“Children are not cuddly toys that you buy in a store or pick up from an animal shelter”
Yesterday I spoke with Petra Welkers, 57. She is the author of the book „Geburtsgeheimnis. Adoption im Spiegel von Geschichte und Therapie“, a mixture of autobiography, non-fiction and fairy tales. If her book is as good as my conversation with her, you should read it! I just ordered it.
Petra has been adopted twice. She calls her first adoptive mother “foster grandma”: she was 54 years old when Petra, under a year old, came to her. 13 years later Petra was adopted by her. "I turned her down," she told me. "There was no warmth".
Another 28 years later, when she was 42, she was adopted a second time – by the “parents of my heart”, as Petra called them to me. And who were the parents of her heart? Her stepsister and her husband. Her voice warms up when she talks about them.
She never met her first parents. She looked for them and found them. Or should we say: She found documents and names. Because they had died years earlier.
The longing for the second child
But let's rewind a few years: She got married and had a child. She wanted a second one, but it didn't come.
Petra considered adoption, but her husband opposed it.
What to do? Reproductive medicine was out of the question for her.
She let go of her desire to have children.
And two years later ... the second child came. A blockage was resolved. A not atypical phenomenon, so much “not atypical” that youth welfare offices sometimes recommend childless couples who adopt a child to use contraception for the sake of the adopted child.
Petra had also received a recommendation from her doctor: “Just do something else! Think of new goals!” Which Petra did. She started a new job with more responsibility.
And she got another recommendation from her doctor: "Get a pet!" Her husband and she decided to take a dog, a cairn terrier.
"That was the right decision! Because an adopted child is not a projection screen for unresolved grief for the biological child that was not born,” Petra told me.
"Children aren't cuddly toys that you buy in a store or pick up from an animal shelter." She herself was shocked by her own words. But it sounds sharper than she meant.
The pain of the unfulfilled desire to have children
First, she has acted in this way herself and knows both perspectives, that of the child and that of the mother. “The unfulfilled desire to have children can be a disaster for women and couples. I am able to feel that pain," she told me.
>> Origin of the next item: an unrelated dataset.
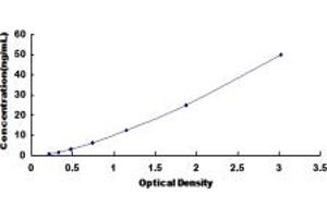 2. Standard - Reconstitute the Standard with 1.0 mL of Standard Diluent, keep for 10 minutes at room temperature, shake gently (not to foam). The concentration of the standard in the stock solution is 50 ng/mL. Prepare 7 tubes containing 0.5 mL Standard Diluent and produce a double dilution series. Mix each tube thoroughly before the next transfer. Set up 7 points of diluted standard such as 50 ng/mL, 25 ng/mL, 12.5 ng/mL, 6.25 ng/mL, 3.12 ng/mL, 1.56 ng/mL, 0.78 ng/mL, and the last microcentrifuge tube with Standard Diluent is the blank as 0 ng/mL.
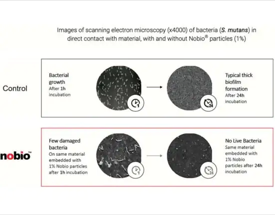 Plus, the filling material retains these insoluble particles following polymerization, producing a long-term effect, Nobio says. Long-term antimicrobial protection and a stable molecular structure are especially important in dental restorations, which are intended to remain in the oral environment for decades, according to the company. More than 200 million restorations are performed in the United States each year, many of them to replace previous restorations that have failed, at an annual cost of more than $5 billion, Nobio says.

And secondly, Petra is not cut out of the wood to give others top-down advice. From where I know this? Petra has told me a few things in confidence that she doesn't want to see published. She erased quite a few things from my text. Out of respect for the feelings of her loved ones.
But I think it's more than respect. Petra is a woman with heart, that's how I experienced her in our conversation. She can empathize well with others, including her foster grandma.
At least she protected her in our conversation. Letz me put it this way: What she feels for her foster mother is, like her book, a mixture. A mixture of rejection, respect - and love.